Though the stock market has not recovered all the ground it lost in March, when the credit crisis reached a critical point and led to the buyout of Bear Stearns Cos., investors launched a strong comeback last week. Wall Street is growing more optimistic that stocks and the companies that issue them may be starting to rebound from a long slump due to tight credit and a sluggish economy.
“Overall, I’m getting the sense here that the Street is starting to focus on fundamentals and the timing of a potential recovery in the economy, and trying to move past the credit crisis,” said Craig Peckham, market strategist at Jefferies & Co.
That’s not to say the market volatility seen over the past several months has subsided for good, however. As earnings pour in over the next couple weeks, it’s possible investors could grow anxious again — especially if banks reveal bigger losses than expected, Peckham said, and in more types of debt than anticipated.
Alcoa’s results might stir some of that anxiety. The company said it earned 37 cents per share in the first quarter, compared to analysts’ expectations of 48 cents. The company’s stock was down $1.56, or 4 percent, at $37.44 in regular trading and fell further in after-hours dealings.
But there were many signs during the day that Wall Street was feeling more optimistic.
After news that Washington Mutual might sell a stake for cash — a move that other banks such as Citigroup Inc., Merrill Lynch & Co. and Morgan Stanley have also made — WaMu shares shot up $2.98, or 29 percent, to $13.15. Other banks rose as well; Merrill rose $1.30, or 2.8 percent, to $47.55, and Bear Stearns rose 20 cents to $10.67 and Goldman Sachs rose $3.33 to $178.73.
In other dealmaking news, Swiss pharmaceutical maker Novartis AG said it will spend about $38 billion in a two-step bid for a majority stake in U.S. eye-care company Alcon Inc. Alcon rose $2.19 to $150.63, and Novartis fell $2.12, or 4 percent, to $50.
Discover Financial Services LLC said it was buying the Diners Club International card network from Citigroup Inc. for $165 million. Discover rose 95 cents, or 5.5 percent, to $18.09, while Citi rose 52 cents, or 2.2 percent, to $24.60.
And Microsoft Corp. gave Yahoo Inc. a three-week deadline to agree to a takeover, or, Microsoft said, it would launch a proxy fight for control of the company. Yahoo fell 66 cents, or 2.3 percent, to $27.70, while Microsoft closed flat at $29.16. Yahoo said the deal isn’t in the best interests of its shareholders, and called Microsoft’s proxy threat counterproductive.

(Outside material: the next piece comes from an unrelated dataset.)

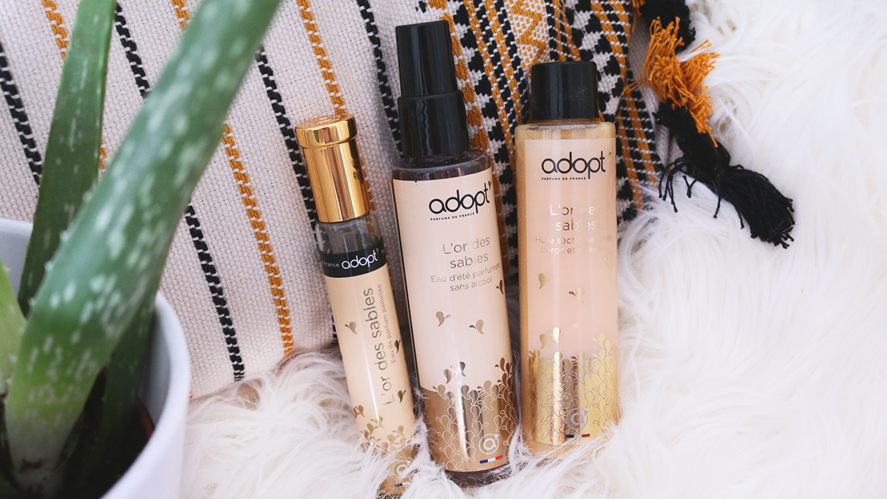 L’or des sables est la toute dernière collection Adopt’. Ils m’ont très gentillement envoyé la gamme composé d’une brume sans alcool (idéal pour l’été, aucun souci pour l’exposition au soleil ni pour la peau et les cheveux), une huile sèche pailletée (beaucoup trop cool quand je serai bronzée ahah) & pour finir l’eau de parfum qui est, entre nous, une MERVEILLE. Je vous le dit, c’est mon parfum pour ces 3 mois à venir ♥

Last week, stocks advanced as investors found relief in reports that Lehman Brothers Holdings Inc. and Switzerland’s UBS AG are selling stock to raise cash and Merrill Lynch & Co. believes it has sufficient cash to continue operating. Despite a report Friday showing the third straight month of job losses in March, the Dow finished last week up 3.22 percent, the S&P 500 index rose 4.86 percent, and the Nasdaq rose 4.20 percent.
Even as Martin Feldstein, chief executive of the National Bureau of Economic Research, said Monday on CNBC he personally believes the U.S. economy has been slipping into recession since January, stocks largely held onto those gains. The NBER has not officially decided whether the economy is in recession, and normally is not able to until after the fact.
Light, sweet crude rose $2.70 to $108.93 a barrel on the New York Mercantile Exchange. Gold prices also increased, and the dollar gained against most other major currencies.
Advancing issues outnumbered decliners by about 9 to 7 on the New York Stock Exchange, where volume came to a light 1.27 billion shares.
The Russell 2000 index of smaller companies fell 1.05, or 0.15 percent, to 712.68.
Overseas, Japan’s Nikkei stock average rose 1.18 percent. Britain’s FTSE 100 added 1.14 percent, Germany’s DAX index rose 0.85 percent, and France’s CAC-40 rose 0.89 percent.